§ **What you are asked to do**: From the line with "Mức giá mới" through the line with "Das schöne Luxusapartment", repeat the entries verbatim, both end lines included, and add nothing.

§ **Material for this exercise**:
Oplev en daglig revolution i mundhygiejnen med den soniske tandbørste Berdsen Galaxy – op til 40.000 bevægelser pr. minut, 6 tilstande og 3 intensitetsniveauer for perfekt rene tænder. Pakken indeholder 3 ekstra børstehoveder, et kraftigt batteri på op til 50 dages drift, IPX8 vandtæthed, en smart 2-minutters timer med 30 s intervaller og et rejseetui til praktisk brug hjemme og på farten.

* * *

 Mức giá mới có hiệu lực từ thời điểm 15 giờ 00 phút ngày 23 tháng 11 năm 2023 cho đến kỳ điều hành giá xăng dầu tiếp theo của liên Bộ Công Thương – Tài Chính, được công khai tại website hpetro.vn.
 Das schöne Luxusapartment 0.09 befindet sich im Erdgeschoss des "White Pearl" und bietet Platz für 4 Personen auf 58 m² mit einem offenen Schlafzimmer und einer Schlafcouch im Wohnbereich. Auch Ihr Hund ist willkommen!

§ **Result of this exercise**:
 Mức giá mới có hiệu lực từ thời điểm 15 giờ 00 phút ngày 23 tháng 11 năm 2023 cho đến kỳ điều hành giá xăng dầu tiếp theo của liên Bộ Công Thương – Tài Chính, được công khai tại website hpetro.vn.
 Das schöne Luxusapartment 0.09 befindet sich im Erdgeschoss des "White Pearl" und bietet Platz für 4 Personen auf 58 m² mit einem offenen Schlafzimmer und einer Schlafcouch im Wohnbereich. Auch Ihr Hund ist willkommen!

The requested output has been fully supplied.